Encoding Video with NVCUVENC DEVICE_MEMORY_INPUT NVVE_DEVICE_MEMORY_INPUT

Hi,

I successfully used the C API for the NVCUCENC Videoencoder for encoding videos. As an input I passed a pointer to host memory.

The images that I am encoding are RGBA and I use a cuda kernel to convert them to YV12.
Like this:

char* d_buf
cutilSafeCall(cudaMalloc((void**) &d_buf, mem_size_buf))

… kernel to generate YV12 frame there…

cutilSafeCall(cudaMemcpy(buf, d_buf, mem_size_buf,cudaMemcpyDeviceToHost));

to transfer the YV12 pixels to a unsigned char* buffer which I then pass to the EncodeFrame function with
something like this:
efparams.picBuf =buf;
HRESULT hr = NVEncodeFrame(pCudaEncoder,&efparams,0,NULL);

Since the data is on the GPU anyways I thought I would get a speedup if I use the NVVE_DEVICE_MEMORY_INPUT flag.
and pass the d_buf directly as to the NVEncodeFrame as the pData as described in the docs.
HRESULT hr = NVEncodeFrame(pCudaEncoder,&efparams,0,d_buf);
But I only get rubbish then. Any ideas?

Best regards,
dimo

It seems that I haven’t set the context right. Somewhere buried down in the doc I found this:
“Device Context Lock parameter must also be set if device memory input is enabled. Context lock should be created from cuvidCtxLockCreate API available in NVCUVID.”
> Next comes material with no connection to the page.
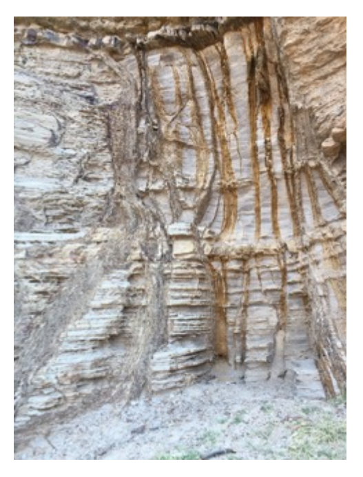
The extraordinary rocks near Avalon pool. It's Narrabeen shale rocks with minerals seeping down through the sedimentary rock layers. A work of art?
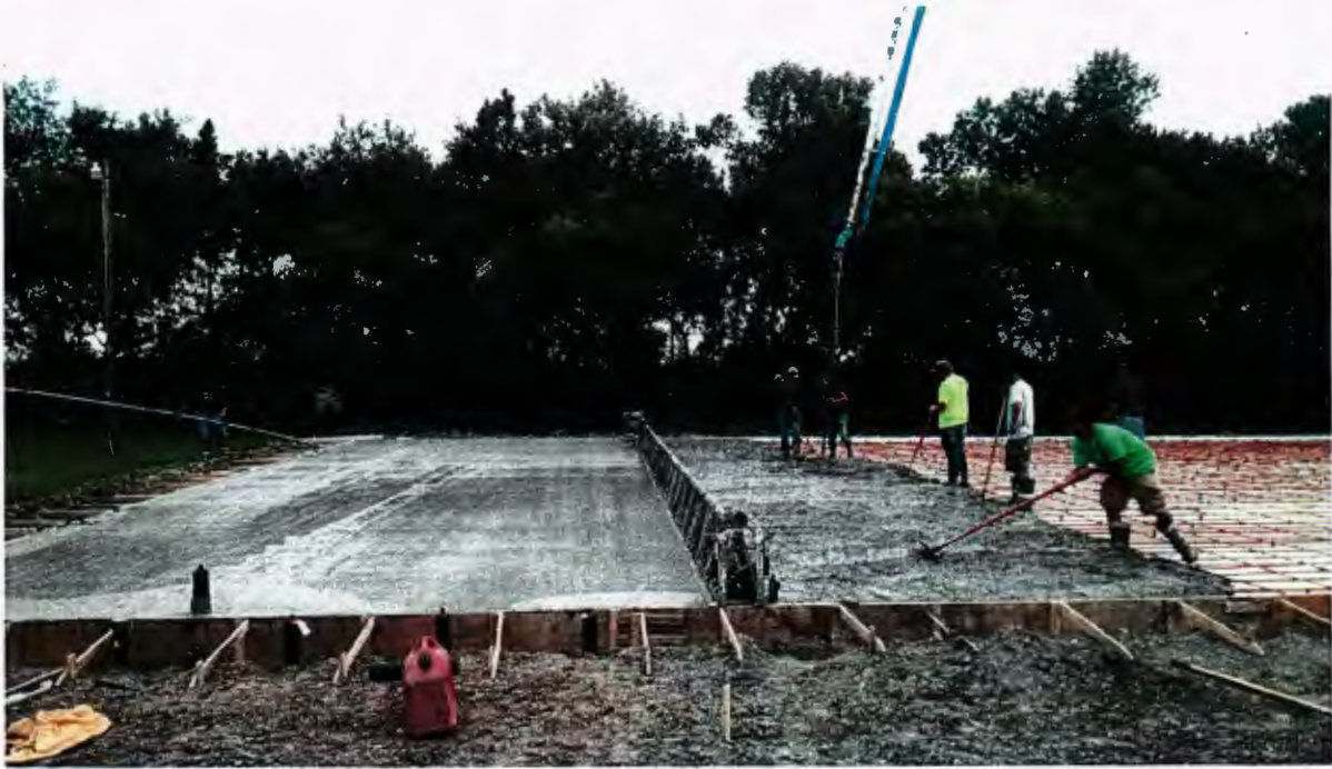
Pouring concrete with the assistance of contractors and volunteers.

I am not familiar with the Driver Api. How do I get the current context in the runtime API, so I can pass it correctly to the Encoder?

Best regards,
dimo

It seems that I haven’t set the context right. Somewhere buried down in the doc I found this:
“Device Context Lock parameter must also be set if device memory input is enabled. Context lock should be created from cuvidCtxLockCreate API available in NVCUVID.”

I am not familiar with the Driver Api. How do I get the current context in the runtime API, so I can pass it correctly to the Encoder?

Best regards,
dimo

hi again,

did anyone manage to start the NVHWEncoder with a context lock?

That’s what I am trying to do now:

[codebox]

CUcontext cucontext;

error = cudaGetDevice(&d);

CUdevice cud;

result = cuDeviceGet(&cud,d);

result = cuCtxCreate(&cucontext,CU_CTX_SCHED_AUTO,cud);

int useDeviceMemory = 1;

CUvideoctxlock g_CtxLock = NULL;

cuCtxPopCurrent(cuContext); //tried with and without this line

result = cuvidCtxLockCreate(&g_CtxLock, *cuContext);

hr = SetParamValue(encoder->pCudaEncoder,NVVE_DEVICE_MEMORY_INPUT, &useDeviceMemory);

hr = SetParamValue(encoder->pCudaEncoder,NVVE_DEVICE_CTX_LOCK,g_CtxLock );

HRESULT hr = NVCreateHWEncoder(pCudaEncoder) //crashes here!

[/codebox]

this crashes. When I comment out the line with SetParamValue(encoder->pCudaEncoder,NVVE_DEVICE_CTX_LOCK,g_CtxLock ) it doesnt crash, but the memory passed to the encoder is not the one that I filled then.

Any ideas?

Best regards,

dimo

hi again,

did anyone manage to start the NVHWEncoder with a context lock?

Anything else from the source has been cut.